- English: Open your gates
- Occasion: Feast of the Ascension
- Written: 1810
- Text: by Christoph Bernhard Verspoell
- Language: German
- Based on: Psalm 24
- Melody: by Stephan Lück
- Composed: 1846
- Published: 1846

= Öffnet eure Tore =

Christian hymn

"Öffnet eure Tore" (Open your gates) is a Christian hymn in German, written by Christoph Bernhard Verspoell for the Feast of the Ascension. The text is based on Psalm 24. While the text was written in Münster in 1810, the melody was composed for a Trier hymnal of 1846. It became part of the regional sections of the German Catholic hymnal Gotteslob.

== History ==
Christoph Bernhard Verspoell was a Catholic priest in Münster during the era of enlightenment, who worked as voice teacher and writer of religious literature. He wrote the text of popular hymns such as "Fest soll mein Taufbund immer stehn" for baptism and the Christmas carol "Menschen, die ihr wart verloren". He wrote the text of "Öffnet eure Tore" as a hymn in German for the Feast of the Ascension, based on Psalm 24. (Note: In the Latin counting, Psalm 24 is psalmus 23.)

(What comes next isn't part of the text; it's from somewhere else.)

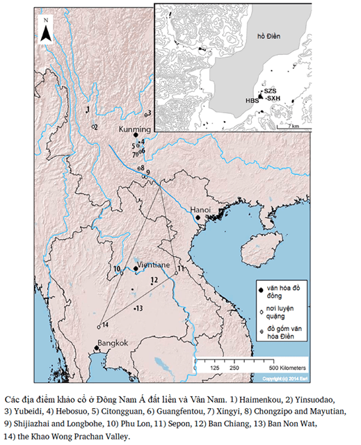 Hình 4 cho thấy những địa điểm có di tích luyện quặng đồng ở Yunnan và Đông Nam Á.

The melody was composed by the theologian and later Trier Cathedral conductor Stephan Lück (1806–1883) for the first Trier diocesan hymnal published in 1846.

The song became part of regional sections of the German Catholic hymnal Gotteslob, such as GL 786 in the Diocese of Limburg, and GL 822 in Mainz.

== Theme and text ==
The dialogue of Psalm 24, requesting the gates to open for the King of Glory, have been associated with the ascension of Jesus since the second century, when the Christian philosopher Justin described (in Dialog mit dem Juden Tryphon 36,4–6) a dialogue of heavenly lords who did not recognise Jesus because of his human appearance. Verspoell's hymn had originally four stanzas, two of them a paraphrase of the psalm dialogue. The other two stanzas recognise Jesus as the mighty ruler of the Heavenly Host ("der Engelscharen mächter Herrscher"), and call all nations to join the angels proclaiming him who seemed forsaken on the Cross ("der am Kreuze ganz verlassen hing") but now rules as King of Heaven ("herrscht als Himmelskönig").

In the Trier version of 1955, the last stanzas were first combined to one, omitting a reference to the nativity. It became a model for further editions. In the Mainz version, even the first two stanzas are reduced to one, avoiding allusions to God as mighty in battle. Each stanza is concluded by a threefold Halleluja.

== Melody and music ==
Lück's melody, originally in A major, begins with energy and upward motion, and ends with a festive and jubilant repeated Halleluja. Modern versions turn to lower keys, such as F major in Limburg.